Петрушевская в повести изображает мир, в котором человек не осознает ценности своей жизни и жизни других людей, даже самых близких. В этом произведении мы наблюдаем страшное состояние разъединенности, отчужденности близких людей: дети не нужны родителям, и наоборот. Так, Анна Андриановна пишет о своих детях: «Им не нужна была моя любовь. Вернее, без меня бы они сдохли, но при этом, лично я им мешала».
«Время ночь» - это и состояние безверия, мир без Бога. Религиозное начало в мировоззрении есть только у самой рассказчицы, да и то смутное, неопределенное. И только в конце дневника она просит у всех прощения и напрямую обращается к Богу: «Господи!!! Спаси и помилуй!» Такое состояние души вселяет мысли о безысходности, конце существования. «Жизнь моя кончена», - несколько раз заявляет Анна Андриановна. Подобные размышления бесконечно варьируются и становятся лейтмотивом всего повествования. «Как быстро все отцветает, как беспомощно смотреть на себя в зеркало!

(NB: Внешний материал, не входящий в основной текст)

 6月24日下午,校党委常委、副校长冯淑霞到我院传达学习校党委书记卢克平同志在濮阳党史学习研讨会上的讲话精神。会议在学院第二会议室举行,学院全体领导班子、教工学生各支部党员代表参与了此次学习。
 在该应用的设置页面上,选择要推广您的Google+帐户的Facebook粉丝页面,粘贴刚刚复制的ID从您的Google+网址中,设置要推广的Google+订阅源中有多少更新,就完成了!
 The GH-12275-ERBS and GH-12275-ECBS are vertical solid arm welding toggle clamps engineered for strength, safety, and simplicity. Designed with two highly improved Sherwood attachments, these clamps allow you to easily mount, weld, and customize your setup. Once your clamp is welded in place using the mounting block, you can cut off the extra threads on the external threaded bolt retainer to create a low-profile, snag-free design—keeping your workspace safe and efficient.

Ты-то ведь та же, а уже все»; «как лавина стала таять жизнь», - сожалеет рассказчица. «Била хвостом и извивалась в муках», - так образно она определяет свое положение в жизни. Кто виноват в этих бесконечных страданиях? Анна Андриановна находит самое простое объяснение: «О обманщица природа! О великая! Зачем-то ей нужны эти страдания, этот ужас, кровь, вонь, пот, слизь, судороги, любовь, насилие, боль, бессонные ночи, тяжелый труд, вроде чтобы все было хорошо! Ан нет, и все плохо опять».

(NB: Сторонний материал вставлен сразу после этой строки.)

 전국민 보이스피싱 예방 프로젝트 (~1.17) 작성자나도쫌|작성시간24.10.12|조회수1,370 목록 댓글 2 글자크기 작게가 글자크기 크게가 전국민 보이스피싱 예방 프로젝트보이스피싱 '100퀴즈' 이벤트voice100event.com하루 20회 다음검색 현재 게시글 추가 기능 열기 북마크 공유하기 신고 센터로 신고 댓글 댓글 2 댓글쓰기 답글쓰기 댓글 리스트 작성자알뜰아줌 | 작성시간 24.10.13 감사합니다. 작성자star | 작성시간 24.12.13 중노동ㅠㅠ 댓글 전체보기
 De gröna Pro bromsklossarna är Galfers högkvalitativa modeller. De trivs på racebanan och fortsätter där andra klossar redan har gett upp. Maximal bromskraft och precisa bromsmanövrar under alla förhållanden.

В тексте рукописи Анны Андриановны часто отсутствуют причинно-следственные связи, логические объяснения поступков персонажей. Думается, это делается намеренно: с целью усиления ужаса восприятия описываемых событий. Этой же цели служит и неразработанность характеров повести. Одновременно можно заметить, что определенный схематизм персонажей делает их обобщенными, универсальными образами. Это применимо и к женским образам. Так, перед нами возникает, например, образ «невинной жертвы», в котором оказываются практически все герои повести. Например, Алена – жертва оставивших ее неверных мужчин. Сама Анна Андриановна – жертва бытовых обстоятельств и своих жизненных взглядов. Можно обозначить и более конкретные человеческие типы: мать семейства (Анна Андриановна и Алена как противоположности этого образа), проститутка (Алена).

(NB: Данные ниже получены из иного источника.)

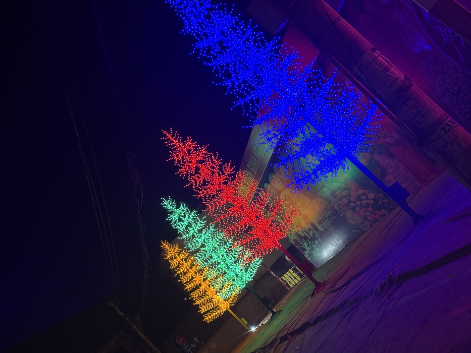 - "This nighttime image, captured in Quỳnh Lưu Commune, Vietnam, depicts a static urban scene dominated by four illuminated artificial trees arranged in a diagonal line" by FM-j42G22, licensed under CC BY 4.0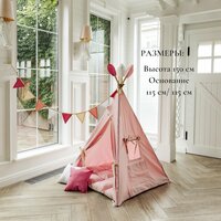 Высота 150 см, основание 115 см,115 см. В вигвам свободно помещается двое деток.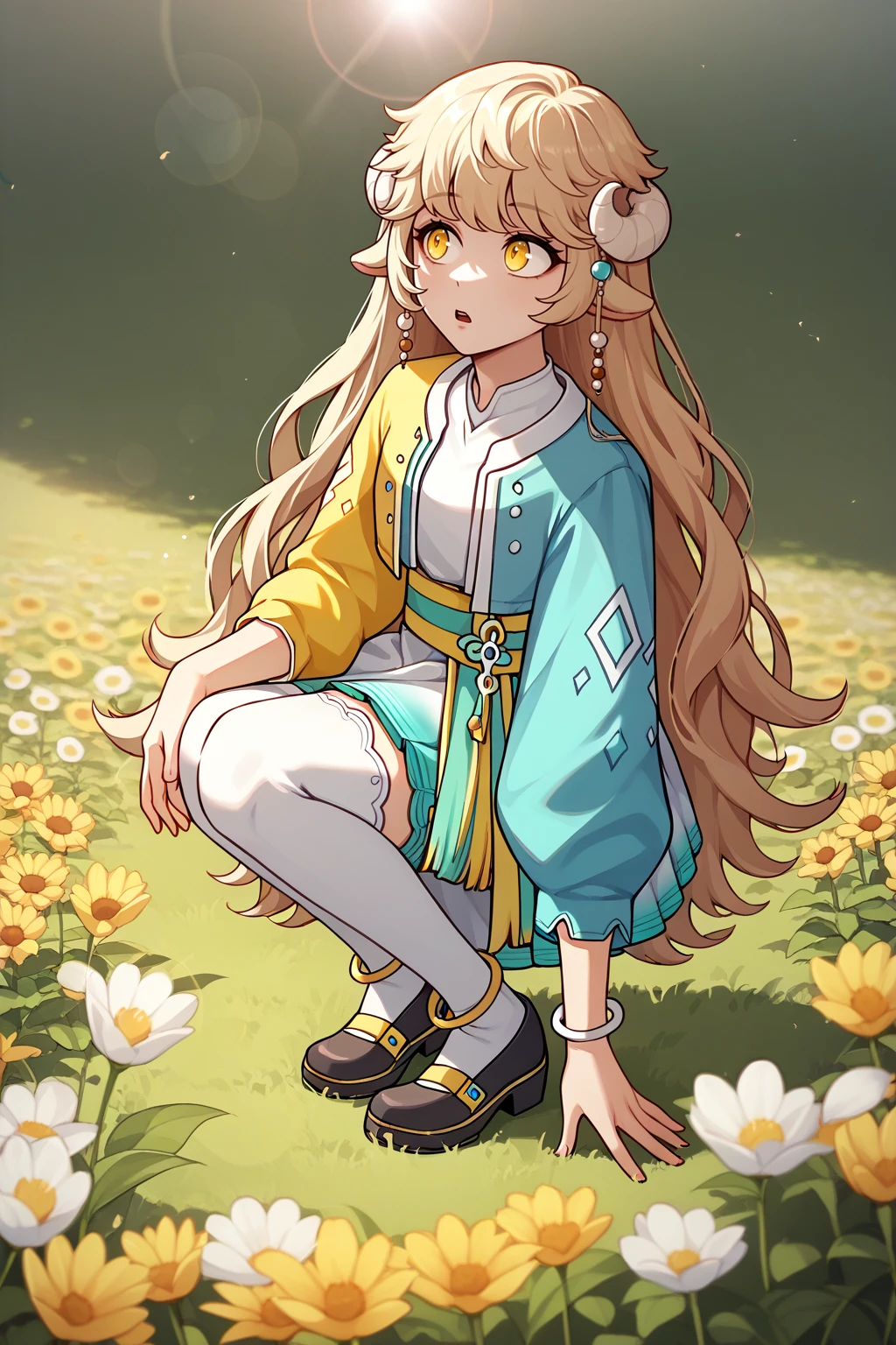 For her main outfit use: NSLaraBase, blonde hair, long hair, yellow eyes, curled horns, animal ears, hair beads, multicolored clothes, anklet, white thighhighs, white bloomers, frilled dress, sash, open jacket, two-tone jacket, cropped jacket, long sleeves, mismatched sleeves, bracelet

Подобная схематичность предполагает также неоднозначность героев, различное понимание сущности их характеров. Например, кем на самом деле является Алена – глупой женщиной и плохой матерью? Или неудовлетворенной личностью, ищущей любви и понимания и потому страдающей? А может быть, это просто авантюристка, неуемная натура, жаждущая приключений? Мы не можем однозначно ответить на эти вопросы и дать объективную оценку героине.
Пожалуй, самым сложным персонажем повести является сама рассказчица. При чтении создалось о ней самое противоречивое впечатление. Это женщина, которая пожертвовала всем ради семьи, или неудачливая поэтесса – «графоманша» (по определению Алены), сделавшая несчастными своих детей? Вначале кажется, что истинным является первое определение. Однако за скупыми строками дневника проступает и «вторая натура» Анны Андриановны: психически неуравновешенная женщина, деспотичная личность, которая крадет и читает дневники своей дочери, подслушивает под дверью ее телефонные разговоры. Об этом она заявляет почти с гордостью: «Все новости были мои». Настораживает также негативное отношение Анны Андриановны практически ко всем остальным персонажам повести. Это проявляется в том, как она описывает их в своем дневнике. Например, муж одной знакомой – «с физиономией гориллы»; обознавшийся прохожий – «грязный, потный»; собственная мать – «кобра»; дочь – «грудастая крикливая тетка»; подруга дочери – «кузнец с усами»; муж дочери – «негодяй, подлец».при этом у нас возникает представление о «жизненном круге», повторяемости ситуаций и обстоятельств. Так, мать Анны Андриановны называла ее мужа «дармоедом» и «ловкачом».
Вызывает сомнение и душевное здоровье рассказчицы. Например, странная история с таблетками для коня, описанная самой Анной Андриановной, указывает на возможное наличие у нее галлюцинаций. На ее сумасшествие намекают и санитары психиатрической больницы в конце повести: «Вас же саму надо, тебя надо в дурдом!»; «Да к тебе надо врача со шприцом!»
Мотив болезни приобретает здесь философское, расширительное значение: весь мир «болен» духовно, но люди не видят и не понимают этого. Рассказчица справедливо предполагает, что «там, за пределами больницы, гораздо больше сумасшедших». При этом она считает, что «главное в жизни – это любовь». Анна Андриановна парадоксальным образом любит свою непутевую дочь, сына, внука, мать и по-своему объясняет это: «Так назначено природой, любить».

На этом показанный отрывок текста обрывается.